Send each entry back exactly as given, pictures excluded.

─── Data shown ───

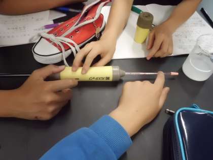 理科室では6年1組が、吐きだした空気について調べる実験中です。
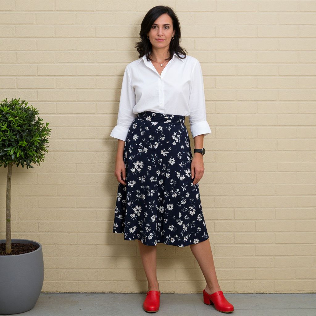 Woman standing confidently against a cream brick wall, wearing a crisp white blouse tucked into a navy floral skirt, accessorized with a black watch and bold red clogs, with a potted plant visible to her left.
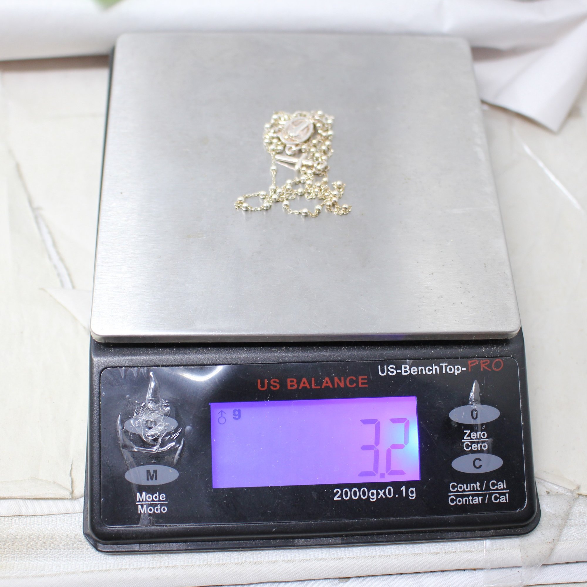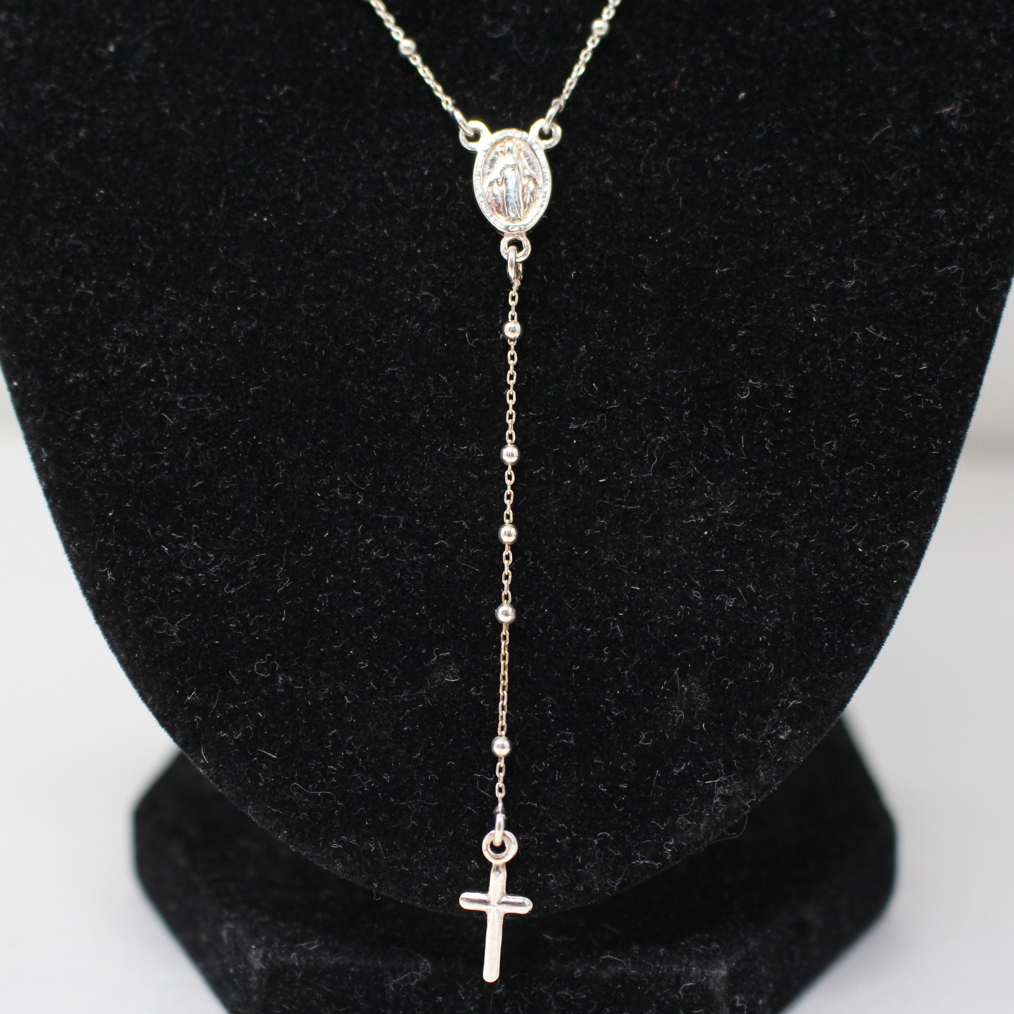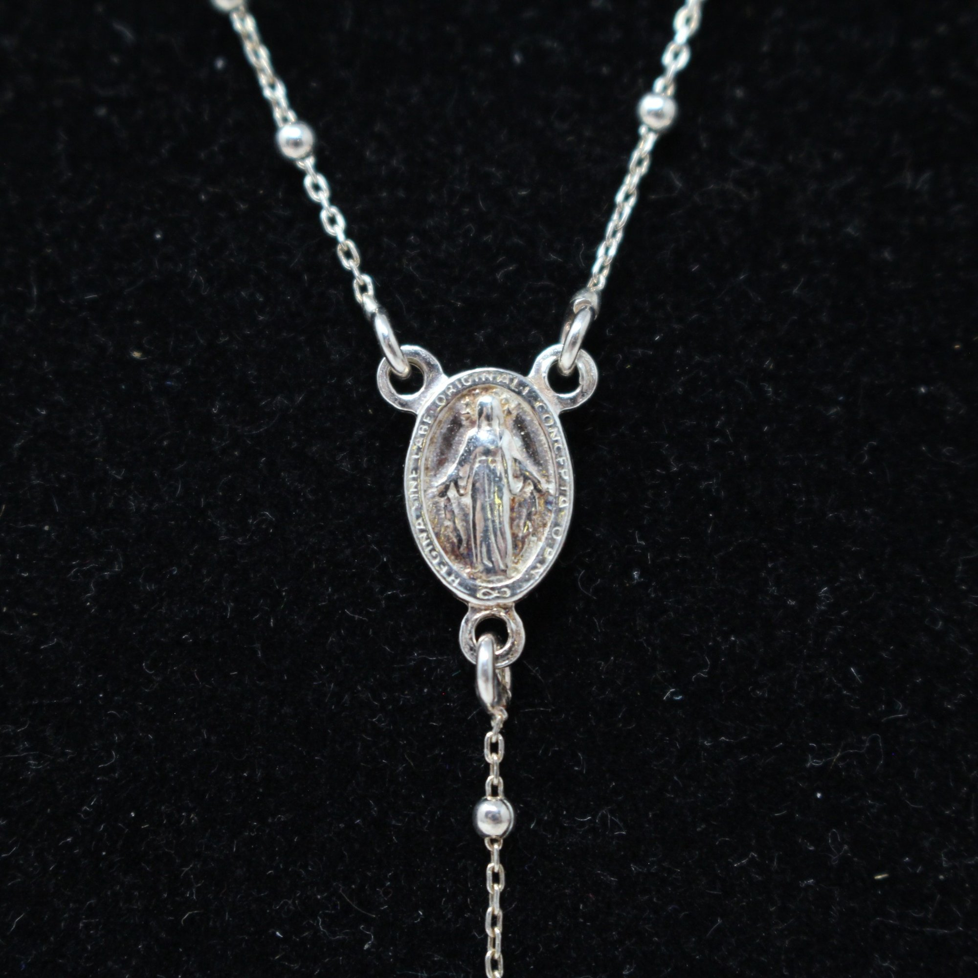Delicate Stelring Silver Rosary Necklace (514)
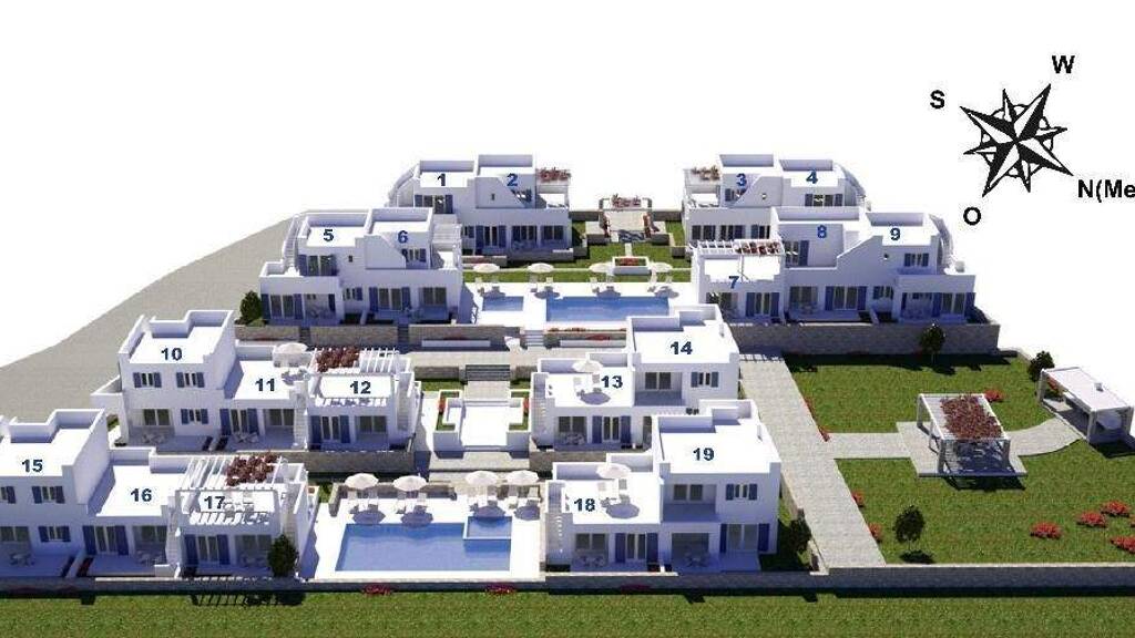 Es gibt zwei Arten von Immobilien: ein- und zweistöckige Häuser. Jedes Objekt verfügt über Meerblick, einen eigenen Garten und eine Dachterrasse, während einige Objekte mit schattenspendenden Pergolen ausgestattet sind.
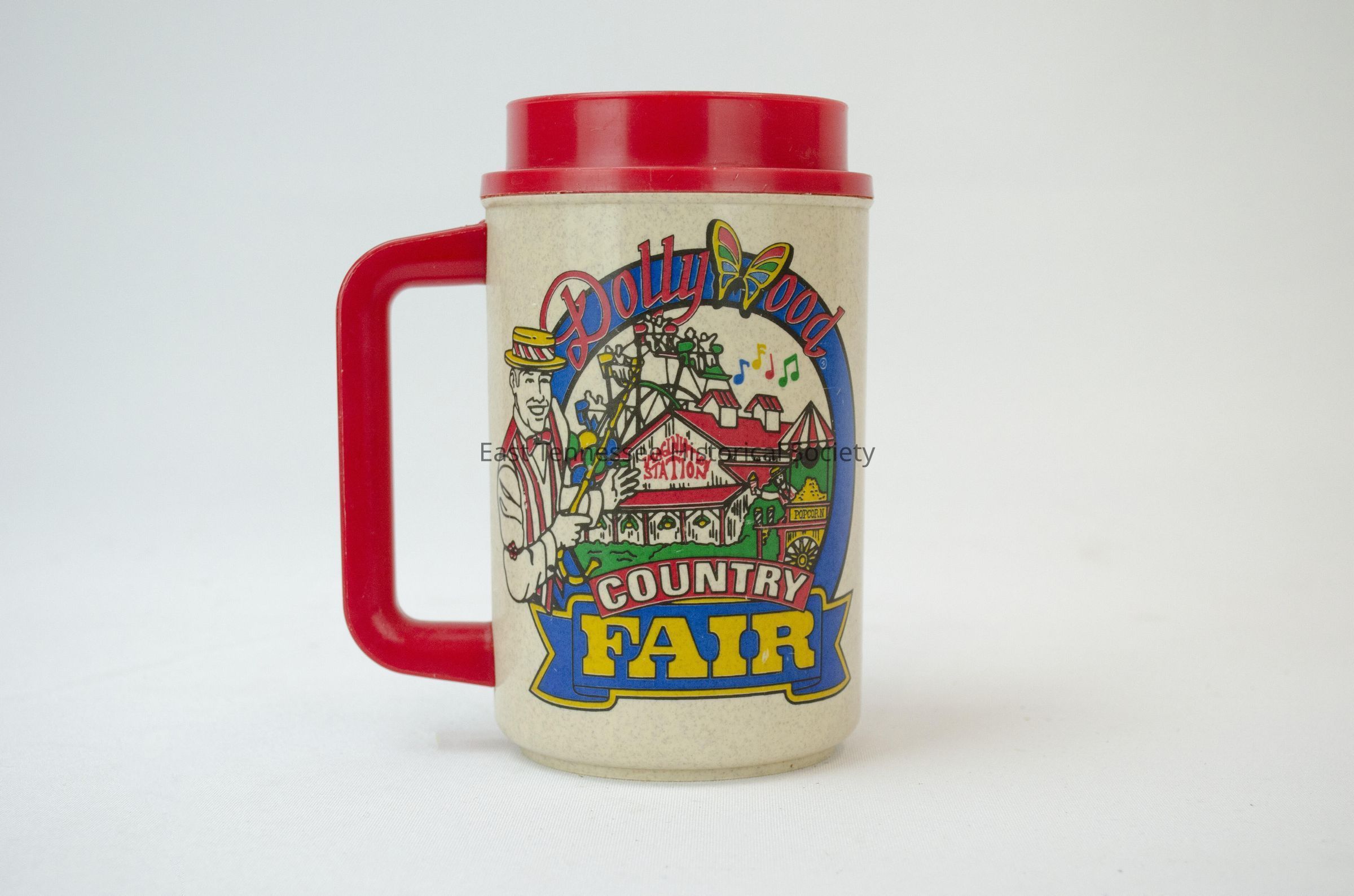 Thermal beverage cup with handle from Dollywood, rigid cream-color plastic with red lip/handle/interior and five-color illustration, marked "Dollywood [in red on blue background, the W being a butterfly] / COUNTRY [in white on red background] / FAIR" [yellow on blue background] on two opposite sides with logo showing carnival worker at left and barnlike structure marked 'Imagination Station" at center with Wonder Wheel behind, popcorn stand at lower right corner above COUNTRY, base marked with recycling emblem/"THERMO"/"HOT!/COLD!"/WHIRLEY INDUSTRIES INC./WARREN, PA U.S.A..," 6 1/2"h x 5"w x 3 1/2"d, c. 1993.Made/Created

───

**Answer**
 理科室では6年1組が、吐きだした空気について調べる実験中です。
 Woman standing confidently against a cream brick wall, wearing a crisp white blouse tucked into a navy floral skirt, accessorized with a black watch and bold red clogs, with a potted plant visible to her left.
Delicate Stelring Silver Rosary Necklace (514)
 Es gibt zwei Arten von Immobilien: ein- und zweistöckige Häuser. Jedes Objekt verfügt über Meerblick, einen eigenen Garten und eine Dachterrasse, während einige Objekte mit schattenspendenden Pergolen ausgestattet sind.
 Thermal beverage cup with handle from Dollywood, rigid cream-color plastic with red lip/handle/interior and five-color illustration, marked "Dollywood [in red on blue background, the W being a butterfly] / COUNTRY [in white on red background] / FAIR" [yellow on blue background] on two opposite sides with logo showing carnival worker at left and barnlike structure marked 'Imagination Station" at center with Wonder Wheel behind, popcorn stand at lower right corner above COUNTRY, base marked with recycling emblem/"THERMO"/"HOT!/COLD!"/WHIRLEY INDUSTRIES INC./WARREN, PA U.S.A..," 6 1/2"h x 5"w x 3 1/2"d, c. 1993.Made/Created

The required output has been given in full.